This guide provides information about strategic publishing, publishing agreements, Open Access and ERA specifications.

Checklist for assessing a book publisher

Criteria to examine when selecting a book publisher are:

  • Will publishing with this publisher enhance your academic career?
  • What are the publisher's copyright requirements - will I retain copyright ownership?
  • What quality control processes does the publisher use - will my work be professionally edited and formatted?
  • Will my work be sent out for review?
  • What is the standing of the editors?
  • How does the publisher distribute the books that it publishes?
  • Does the publisher require a financial commitment to publish my work?
  • Will I receive royalties for the sale of my work?
  • Does the publisher meet the specifications required for ERA?


It is common for JCU employees to receive unsolicited emails from publishers, inviting them to publish their thesis or other research.

Make sure you investigate these publishers before making any commitment. The information on this page and the Understanding Publishers page will help you.

Commercial Publishers

The requirement of commercial publication for ERA is used as a surrogate test of quality, comparable to the peer review requirement for journal articles and conference papers.

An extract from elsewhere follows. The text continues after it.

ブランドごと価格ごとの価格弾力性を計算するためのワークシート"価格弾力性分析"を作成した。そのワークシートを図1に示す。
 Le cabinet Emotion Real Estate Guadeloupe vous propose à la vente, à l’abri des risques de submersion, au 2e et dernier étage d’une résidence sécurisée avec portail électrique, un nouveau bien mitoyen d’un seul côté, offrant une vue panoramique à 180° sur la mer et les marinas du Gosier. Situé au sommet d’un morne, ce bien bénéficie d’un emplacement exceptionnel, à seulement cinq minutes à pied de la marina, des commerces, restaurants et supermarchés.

A commercial publisher is an entity for which the core business is producing books and distributing them for sale. Commercial publishers take on a financial risk when committing to publish a book. To minimise risk, they have a selection process. Once a manuscript is selected for publication, the publisher provides copy-editing and proof-reading editorial support. Once published, the publisher provides further investment by marketing the book.

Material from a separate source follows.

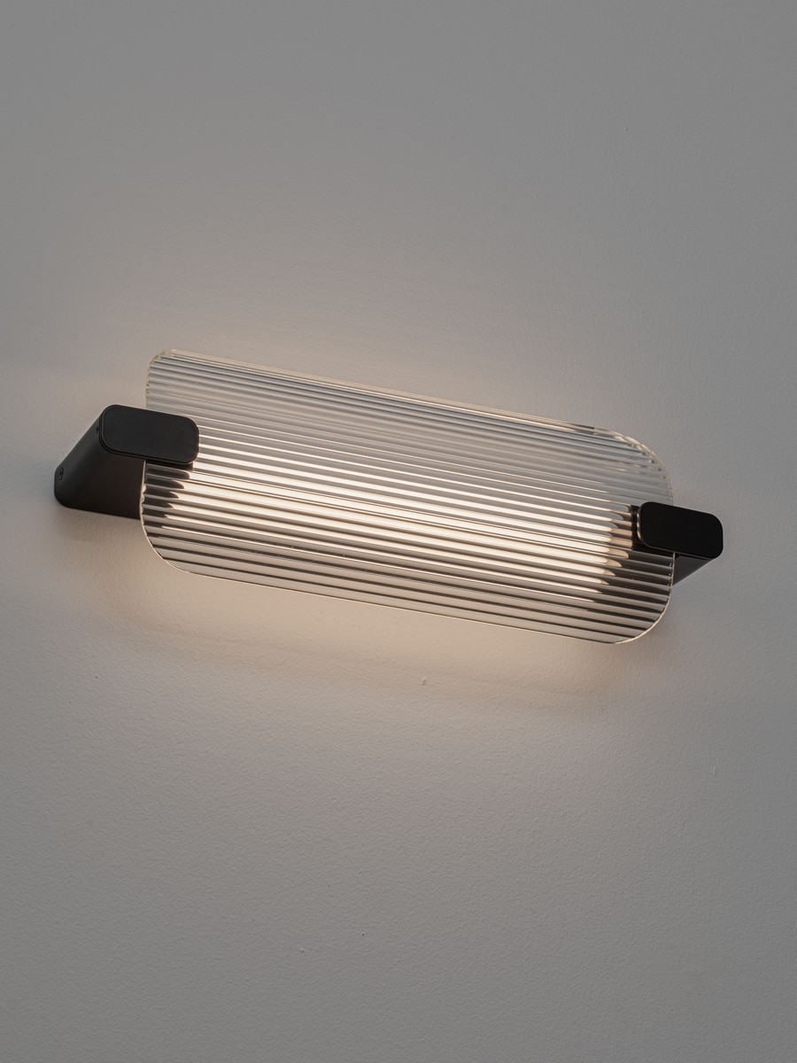 Lampa została wyposażona w zintegrowany moduł LED o mocy 13 W, emitujący strumień świetlny na poziomie 711 lumenów. Światło o ciepłej barwie (3000 K) przebija się przez pionowe żłobienia szkła, tworząc na ścianie subtelne refleksy i budując nastrojową atmosferę. Dzięki liniowej formie i smukłej sylwetce, kinkiet prezentuje się niezwykle lekko, stając się biżuteryjnym dopełnieniem aranżacji.

Self publishing, vanity presses and companies that specialise in the publication of theses do not have a selection process, provide little or no editorial support or marketing and so do not meet the definition of a commercial publisher under the ERA specifications.

Definition of publishers unlikely to meet ERA criteria

Print-on-demand (POD) publishers use digital technology to print copies of a publication as they are requested. This is a cost-effective alternative because publications may be printed at the point-of-need, dispensing with the expense of warehousing and distribution. POD publishing is used by ERA eligible publishers and non-eligible publishers.

Self-publishing is when the author takes responsibility for publishing their work, independently of an established publisher. The Internet provides self-published authors with the opportunity to publish and promote their work.

Vanity presses usually charge authors a fee for publishing their work.

ERA eligibility - books and book chapters

In choosing where to publish your research as a book or book chapter, be aware that your decision will determine whether the work will be counted for ERA as a Traditional Research Output (TRO).

In order for a book or book chapter to be eligible for ERA (as a Traditional Research Output), it must:

  • meet the definition of research i.e. be substantial, original and scholarly. Textbooks and reference books that target professionals or students and creative works are not usually eligible.
  • be a major work of scholarship
  • must be written entirely by a single author, or by joint authors who share responsibility for the whole book

Books, for both the book and book chapter categories, must:

  • have an International Standard Book Number (ISBN)
  • be published by a commercial publisher or peer reviewed. An acceptable peer review process is one that involves an impartial and independent assessment or review of the research publication in its entirety before publication by independent, qualified experts before publication.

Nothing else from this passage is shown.